Tuesday 18 October 2016

The Morality of Self-Driving Cars

About two years ago, I wrote a flash fiction story called "An Automatic Decision", which you can find in the flash fiction collection, Heaven and Earth: Paranormal Flash Fiction.

In it, I speculated what might happen if a self-driving car had to make a decision between saving the life of its driver, and saving the life on an innocent bystander.

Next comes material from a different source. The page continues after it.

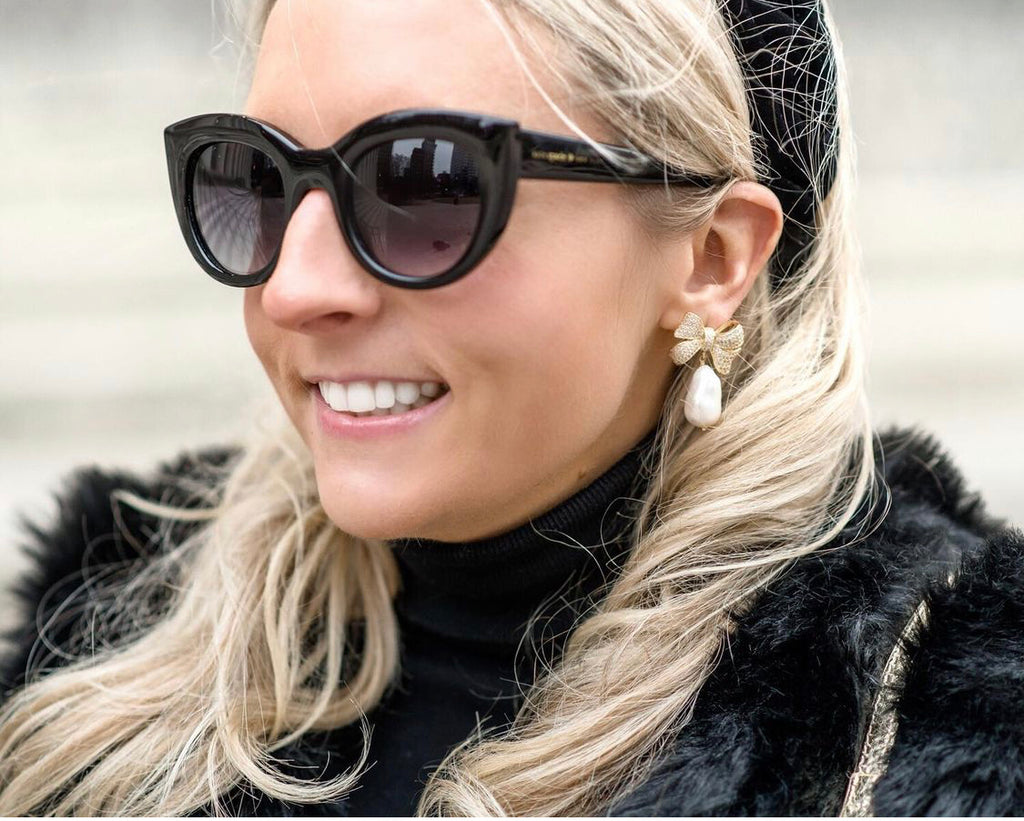 Beautiful pave cubic zirconias in a bow-shaped post, with a high-quality, freshwater baroque pearl.

When I wrote it, I had no idea how prophetic that would turn out to be. I read an article yesterday on Co,Exist, entitled Self-Driving Mercedes Will Be Programmed To Sacrifice Pedestrians To Save The Driver. Here's a quote from that article:

One of the biggest debates about driverless cars concerns the moral choices made when programming a car's algorithms. Say the car is spinning out of control, and on course to hit a crowd queuing at a bus stop. It can correct its course, but in doing so, it'll kill a cyclist for sure. What does it do? Mercedes's answer to this take on the classic Trolley Problem is to hit whichever one is least likely to hurt the people inside its cars. If that means taking out a crowd of kids waiting for the bus, then so be it.

Scary, isn't it?

I don't know about you, but if you ask me, that's definitely a decision that should be left up to the driver!

Maybe the driver should be able to set some parameters beforehand, to tell the car what should happen in that situation.

Of course, it would be ideal if the car could do what it did in An Automatic Decision, which would be to stop time. But that's not going to happen, now is it?

What do you think? Should a self-driving car be allowed to make a call between saving a single human life, and potentially dozens?